**WHAT YOU WILL DO**: Print nothing beyond the line with "- 전국 스타벅스 매장 어디서든 사용 가능": every line from the beginning of the data up to it, that line included, and no pictures.

**EXERCISE MATERIALS**:
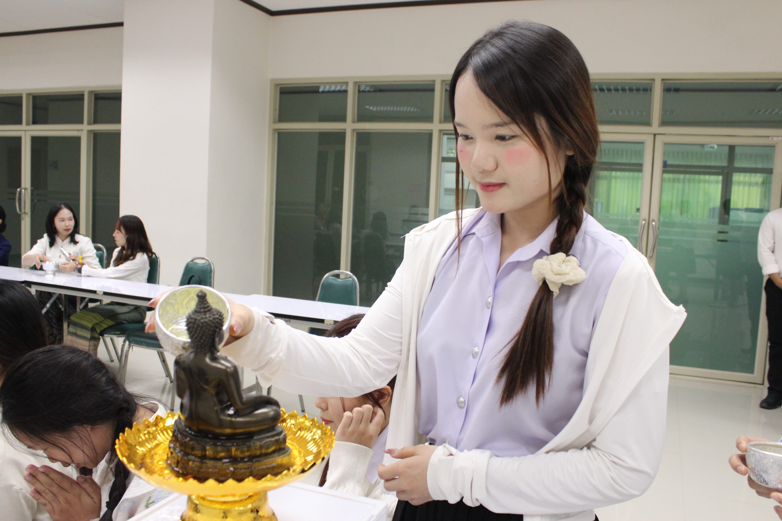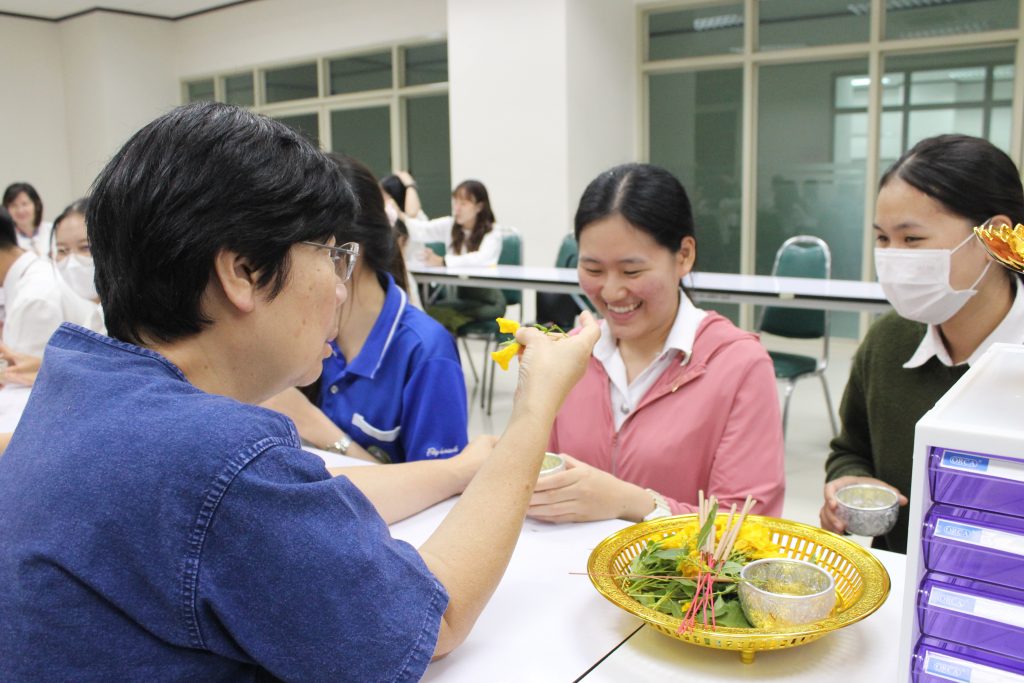 ภายในงาน นักศึกษาหลักสูตรพยาบาลศาสตร์ได้ร่วมกันจัดกิจกรรมเพื่อสืบสานวัฒนธรรมอันดีงามของล้านนา โดยตัวแทนสโมสรนักศึกษาเป็นผู้นำกล่าวคำขอขมา ก่อนร่วมพิธีสรงน้ำพระพุทธรูป และรดน้ำดำหัวคณาจารย์ เพื่อแสดงมุทิตาจิต ท่ามกลางบรรยากาศที่อบอุ่นและเปี่ยมด้วยความเคารพ
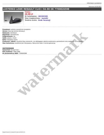 Informacje o produkcie Utworzono 03-03-2017 LUSTERKO LEWE RENAULT CLIO I 94-98 OE 7700826598 Cena : 68,88 zł Nr katalogowy : A6164166 Stan magazynowy : wysoki Średnia ocena : brak recenzji w at ZASTOSOWANIE Samochód: Renault Clio I Rok produkcji: 1994-1998 Nr porównawczy OEM: 7700826598 er m ar k Przedmiot: lusterko zewnętrzne kompletne Strona: lewa (po stronie kierowcy) Nadwozie: hatchback Regulacja: mechaniczna Podgrzewanie: nie Szkło: płaskie, chrom Kolor: obudowa czarna Producent / jakość: wysokiej klasy zamiennik, nie odbiegający jakością wykonania, parametrami oraz wyglądem od oryginału Stan techniczny: przedmiot jest nieużywany, fabrycznie nowy z roczną gwarancją Wygenerowano w programie www.oscGold.com
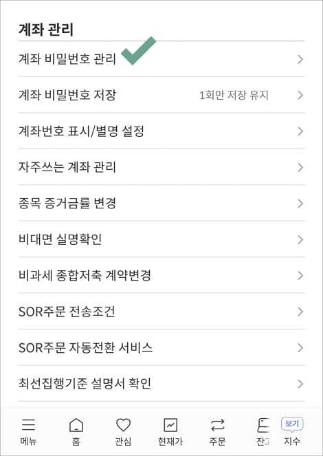 다음 화면 아래로 내려가 계좌관리 항목에서 계좌 비밀번호 관리에 들어갑니다.
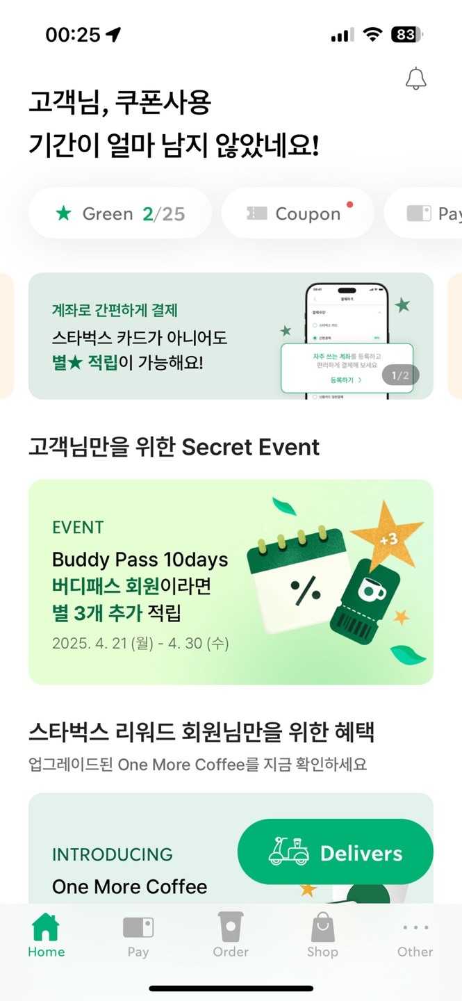 - 전국 스타벅스 매장 어디서든 사용 가능
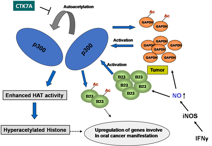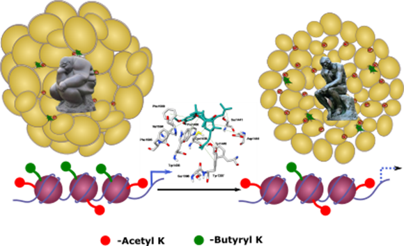 Through a rational design approach, the natural compound small molecule modulators of epigenetic enzymes (KATs) and derivatives of these molecules were tested in vitro and in vivo for their efficacy and specificity.The promising candidates have yielded molecules such as LTK14, a p300-specific inhibitor, which could repress HIV replication (Mantelingu K et al., 2007). CTK7A is another natural compound-derived KAT inhibitor that could suppress p300 autoacetylation and hence its activity, showing promising results in inhibiting histone acetylation in oral cancer and thereby the xenograft tumor growth (Arif M et al., 2010). Many other molecules, such as Luteolin, Garcinol have also shown promising therapeutic results in cancer cell lines and xenograft models (Selvi BR et al., 2015) (Balasubramanyam K et al., 2004) (Sethi G et al., 2014). Selective inhibition of p300 catalysed histone lysine butyrylation by LTK-14A without affecting its canonical acetyltransferase activity leads to inhibition of adipogenesis and attenuation of obesity (Bhattacharya et al., 2022).
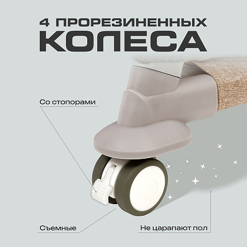 Прорезиненные колёса со стопорами не царапают пол и обеспечивают плавное, бесшумное перемещение по дому.
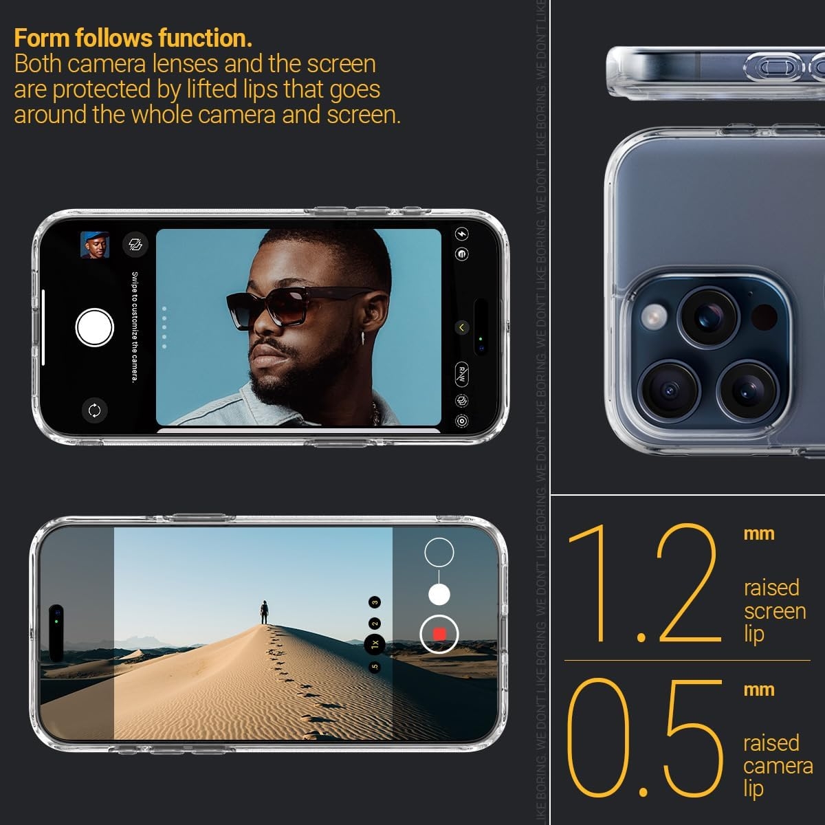 Το εξαιρετικά διάφανο, εύκαμπτο TPU και το σκληρό PC με την τεχνολογία κατά του κιτρινίσματος, προσφέρει μια διάφανη επίστρωση που αναδεικνύει το εντυπωσιακό design του iPhone 15 Pro, ενώ παράλληλα το προστατεύει από καθημερινές φθορές και κραδασμούς. Διαθέτει μαγνητικό δακτύλιο, συμβατό με αξεσουάρ MagSafe, όπως τον φορτιστή, βάσεις γραφείου, αυτοκινήτου και finger holder.

**REPLY TO THE EXERCISE**:
 ภายในงาน นักศึกษาหลักสูตรพยาบาลศาสตร์ได้ร่วมกันจัดกิจกรรมเพื่อสืบสานวัฒนธรรมอันดีงามของล้านนา โดยตัวแทนสโมสรนักศึกษาเป็นผู้นำกล่าวคำขอขมา ก่อนร่วมพิธีสรงน้ำพระพุทธรูป และรดน้ำดำหัวคณาจารย์ เพื่อแสดงมุทิตาจิต ท่ามกลางบรรยากาศที่อบอุ่นและเปี่ยมด้วยความเคารพ
 Informacje o produkcie Utworzono 03-03-2017 LUSTERKO LEWE RENAULT CLIO I 94-98 OE 7700826598 Cena : 68,88 zł Nr katalogowy : A6164166 Stan magazynowy : wysoki Średnia ocena : brak recenzji w at ZASTOSOWANIE Samochód: Renault Clio I Rok produkcji: 1994-1998 Nr porównawczy OEM: 7700826598 er m ar k Przedmiot: lusterko zewnętrzne kompletne Strona: lewa (po stronie kierowcy) Nadwozie: hatchback Regulacja: mechaniczna Podgrzewanie: nie Szkło: płaskie, chrom Kolor: obudowa czarna Producent / jakość: wysokiej klasy zamiennik, nie odbiegający jakością wykonania, parametrami oraz wyglądem od oryginału Stan techniczny: przedmiot jest nieużywany, fabrycznie nowy z roczną gwarancją Wygenerowano w programie www.oscGold.com
 다음 화면 아래로 내려가 계좌관리 항목에서 계좌 비밀번호 관리에 들어갑니다.
 - 전국 스타벅스 매장 어디서든 사용 가능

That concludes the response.